I think we were both playing a double game.
We both tried to make the other talk, he with the idea of getting information about the camp and I in the hope of picking up some hint as to where to hide in Constantinople. But card-sharpers might as well have tried to fleece each other by the three card trick. His knowledge of Constantinople seemed to be nil, while the information he got out of me would not have filled his opium pipe. After these excursions I used sometimes to wonder whether I was not wasting my time and health. But time is cheap in captivity, and as to health, I used to counteract the opium by counter-orgies of exercises. In the early mornings I skipped and bathed in secret, but in the daytime I tottered wanly about the streets, and whenever I saw the Cypriote I told him that I craved for confiture: this being our name for opium.
In my condition it was an easy matter to be sent to the doctor. I told him various astonishing stories about my health, chiefly culled from a French medical work which I found in the waiting-room of his house. Within a month I was transferred to Haidar Pasha Hospital, near Constantinople. Had I been in brutal health, the operation to my nose which was the ostensible reason of my departure would not have been considered necessary. But I had been removed from the category of suspects, and was now considered an amiable invalid.
The guard on my northward journey was more like a sick attendant than a sentry. I showed him some opium pills, which I declared were delicious to take. He evinced the greatest interest, and I was able to prevail on him to swallow two or three as an experiment. Unfortunately, after he had taken them, I discovered they contained nothing more exciting than cascara. They did not send him to sleep at all.

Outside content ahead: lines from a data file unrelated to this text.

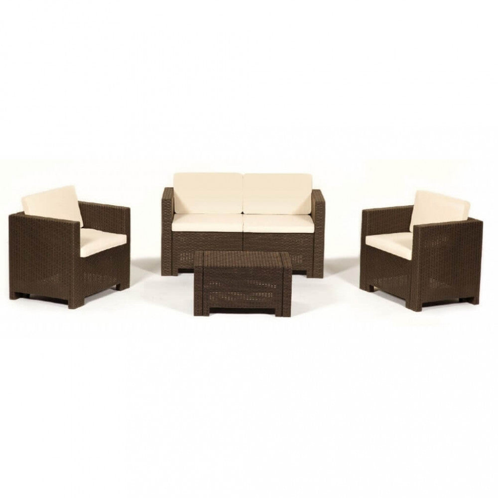 Garden Lounge Set Sofa 2 Sessel und Couchtisch mit Kissen aus braunem Polypropylen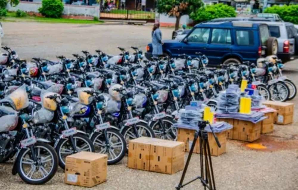 Upper West Regional minister, Dr. Bin Salih Hafiz presented motorbikes and some office equipment to 6 Assemblies at the forecourt of the RCC.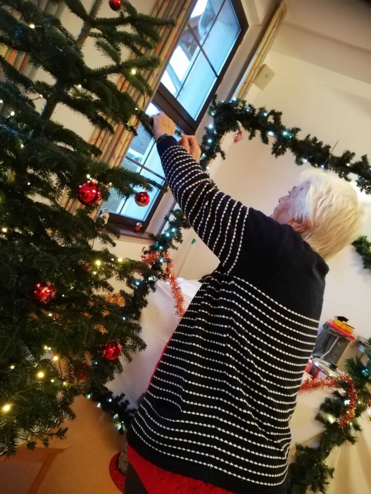 Die Adventszeit hat begonnen und mit ihr kehren in jedem Jahr auch die vorweihnachtlichen Traditionen zurück. So auch in Gützkow. Im Nikolaiheim haben in dieser Woche die Mitarbeitenden des Betreuungsteams, in Zusammenarbeit mit einigen Bewohner*innen des Pflegeheims, damit begonnen, den jährlich im Haus stattfindenden Adventsmarkt vorzubereiten. Ganz oben auf der Aufgabenliste stand natürlich das Schmücken eines festlichen Baumes. Es wurde bunte Kugeln, Glöckchen und Lichterketten angebracht, bis alle mit dem Ergebnis zufrieden waren.

We arrived at Haidar Pasha without incident. Before being admitted, my effects were searched, and stored away, but being by that time accustomed to searches, I was able to hide, upon my person, a variety of things that would be useful in an escape, notably a compass, and a complete set of maps of Constantinople and its surroundings.
Captain Sir Robert Paul, with whom I had discussed plans at Afion-kara-hissar, was already installed in hospital, where he was being treated for an aural complaint. His friendship was an inestimable stand-by through the months that followed. Through scenes of farce and tragedy he was always the same feckless and fearless spirit. In success, as in adversity, he kept an equal mien. Without him, the most amusing chapters in my life would not have happened, and if I write "I" in the pages which follow, it is only because Robin, as I shall hereafter call him, has not been consulted about this record of our days together. Owing to circumstances beyond our control, the full responsibility for this story must be mine. The seas divide us. I cannot ask his help, or solicit his approval.
The hospital at Haidar Pasha was the most delightfully casual place imaginable. One wandered into one's ward in a Turkish nightshirt, and wandered out again at will, the only limits to peregrination being the boundaries of the hospital and one's own rather fantastic dress. Unless one asked loudly and insistently for medicines or attendance, no one dreamed of doing anything at all in the way of treatment. The only attention the patients received was to be turned out of the hospital when they were either dead or restored to health. Under the latter category a crowd of invalids came every day, who were generally ejected just before noon, clamouring loudly for their mid-day meal, and the unexpended portion of their day's ration. Of deaths in hospital I witnessed only one, although scores occurred during my stay. One evening an Armenian officer was brought into my ward with severe wounds in the head, due to a prematurely exploded bomb. He was laid flat on a bed, and instantly proceeded to choke. No one came near him. It seemed obvious to me that if he was propped up by pillows he would be able to breathe. But no one propped him up. I suggested to the hospital orderly that this should be done, and he said, "Yarin." And "yarin" the poor officer died of lack of breath. How sick men survived is a mystery to me, because they were never attended to, unless strong enough to scream. Screaming, however, is a habit to which the Turkish patient is not averse. He does not believe in the stoical repression of feeling. Strong and brave men will bellow like bulls while their wounds are being dressed. Unless, indeed, one makes a fuss, no one will believe one is being hurt. I have seen mutton-fisted dressers tearing off bandages by main force, while some unfortunate patient with a stoical tradition sweats with agony and bites his lips in silence.
But although the Turk cries out, he is by no means a coward under the knife. His stern and simple faith seems to help him here. There is something very fine about a good Moslem's readiness for death. No man who knows the religion, or has lived intimately among its adherents, can fail to give it reverence. Before God all men are equal, and when one walks about in a nightshirt, one begins to realise this fundamental truth. There was a great friendliness in that hospital, and a cordiality that coloured the otherwise sordid surroundings. Poor jettison of the war, broken with fighting, or rotten with disease, or shamming sick, we forgathered in the corridors, or in the garden, with no thought for the external advantages of rank and fortune.
Matches at that time had practically disappeared from Turkey, and whenever one issued from the ward with a cigarette between one's lips, one was beset by invalids in search of a light. Who lit the original vestal fire I do not know, but I am sure it was never extinguished in that hospital. Patients smoked and talked all night.